Евгений Иванович Якушкин (1826—1905) - Любовь Моисеевна Равич
Шрифт:
Интервал:
Закладка:
В 1858 г. вся эта молодежь группируется вокруг нового московского журнала «Библиографические записки», созданного по инициативе Афанасьева и Полуденского. Активное участие в редакционных делах принимали Евгений Якушкин и Петр Ефремов. Официально журнал числился за Н. М. Щепкиным, так как Афанасьев и Полуденский как служащие в архиве Министерства иностранных дел не имели права заниматься издательской деятельностью. В 1861 г. редактором журнала стал В. И. Касаткин (тоже негласно). На страницах «Библиографических записок» было опубликовано большое количество статей и материалов по истории русской литературы и общественной мысли, в том числе множество ранее находившихся под запретом. Особенно выделяются пушкинские материалы. За три года существования журнала в нем было помещено несколько десятков статей и публикаций, относящихся к Пушкину. На его страницах увидели свет и два первых в России библиографических указателя, посвященных великому поэту, — «Что писано о Пушкине» и «Переводы сочинений Пушкина» Г. Н. Геннади.

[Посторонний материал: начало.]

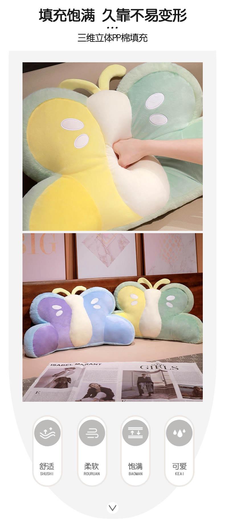 Almohada Mariposa Linda Cabecera Respaldo Paquete Suave Respaldo Grande Oficina Sentado Prolongado Almohada Soporte Lumbar Cama Almohada para Lectura

Журнал уделял большое внимание литературе и общественной жизни XVIII в., в особенности деятельности Новикова, Радищева и Фонвизина. Насколько это было возможно в условиях того времени, сотрудники журнала пытались публиковать материалы о политической истории XIX в. «Даже самый общий обзор, — пишет Н. Я. Эйдельман, — открывает большое сходство тем и материалов (декабристы, Пушкин, Радищев) у подцензурных «Библиографических записок», а также бесцензурных «Полярной звезды» и «Исторических сборников Вольной русской типографии». Это сходство интересно и потому, что теми же авторами и издателями «Библиографических записок» многие очень ценные документы пересылались в Лондон, когда становилось ясно, что их не напечатать в Москве и Петербурге».{51} Переписка членов редакции журнала изобилует сведениями о запрещениях целых пластов материалов, предназначенных для «Библиографических записок». Н. Я. Эйдельман в своей книге о тайных корреспондентах «Полярной звезды» приводит отрывки из писем В. И. Касаткина к В. П. Гаевскому и Е. И. Якушкину о цензурных гонениях на «Библиографические записки». Сведения эти относятся ко времени редакторства Касаткина, т. е. к 1861 г. Но в архивах сохранились и более ранние документы, проливающие свет на эту сторону существования журнала. Особенно выразительно письмо А. Н. Афанасьева (в пору его редакторства) к петербургскому ученому П. П. Пекарскому, также испытавшему давление цензуры при публикации трудов, посвященных науке и литературе петровского времени. «Вы жалуетесь на цензурные шалости, — пишет Афанасьев в сентябре 1858 г., — у нас эта богомольная дура делает выходки почище. Крузе взял отпуск на месяц, и теперь дали нашим журналам нового цензора, некоего Капниста, который, если бы можно, кажется, запретил бы «Ябеду» своего однофамильца: такое дрянцо, что не уступит Безсомыкину, Фрейгангу и прочей братии, подвизающейся на славном поприще литературной полиции. Этот квартальный московской журналистики похерил у пас почти целый нумер, и вот причины невыхода «Записок» к сроку. А какая была набрана статья! Вы просто облизали бы себе пальчики и раза два, три причмокнули: так сладко! Это преинтересное послание Невзорова, касающееся его собственной биографии, Дружеского общества и масонства в Москве. Материал, еще никому неведомый».{52}
Если в относительно благоприятное время столь свирепо преследовались новиковские материалы, то можно себе представить, каково было положение журнала вообще и сколько искусства, такта, смелости наконец нужно было иметь его руководителям и корреспондентам, чтобы провести сквозь цензурные рогатки материалы по политической истории России. Для посылок «прямо в Лондон, к Искандеру» текстов набиралось достаточно. Но все же первостепенной задачей было пытаться опубликовать их в России: такие публикации имели громадное общественное значение. Только в самом крайнем случае, когда уже надежды не оставалось, материалы с большим, конечно, риском переправлялись для публикации в Вольной типографии Герцена.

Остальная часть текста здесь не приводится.